The blunt assessment from Fadell – who led Apple’s influential iPod and original iPhone hardware teams – comes amid heightened expectations for the tech behemoth to reveal its generative AI game plan at its annual developer conference next month. But the erstwhile insider contends any such plans are likely doomed by Apple’s failure to invest sufficiently in the hyperscale data centers and computing power that underpin AI breakthroughs.
Taking a Swipe at Apple’s Capital Return Strategy
In his broadside, Fadell argued Apple’s $90 billion stock buyback program runs counter to the “capital investments in AI, data centers, etc.” being made by rivals to fortify their positions. He even invoked the philosophy of late founder Steve Jobs “loathed stock buybacks” because they did little to feed the company’s all-important innovation pipeline.

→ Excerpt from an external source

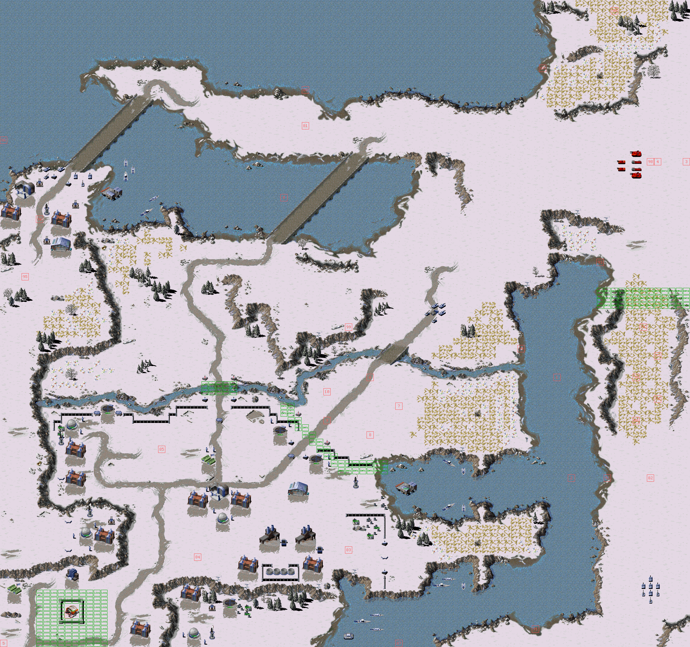 다만 A맵에서는 82번 지점에서 시작하는 것도 나쁘지 않았다. 적이 쳐들어 오는 루트가 몇 곳으로 좁혀지기 때문이다. MCV를 적진에 전개하는 삽질 없이 적을 얍삽하게 기지 안쪽부터 먹고 싶다면 우선 보통의 시작 지점에서 기지를 구축한다. 적의 소규모 기지부터 공략한다. 그러면 네 개의 레이더 돔 중 한 개를 엔지니어로 점령할 수 있는 시점이 온다.

While admitting Apple has experience operating data centers to serve software and services at scale, Fadell dismissed that institutional knowledge as inadequate for modern AI workloads. Simply put, he sees Apple’s lack of raw data center capacity as a fatal flaw that may require it to partner with others already ahead of the game.
Apple has remained largely silent on its AI strategy amid the frenzy over AI, while deflecting criticism that it’s fallen behind. If Fadell’s assessment proves accurate, playing catch-up could prove exceedingly difficult – and costly – versus competitors that capitalized on building hyperscale AI-first infrastructure years ago.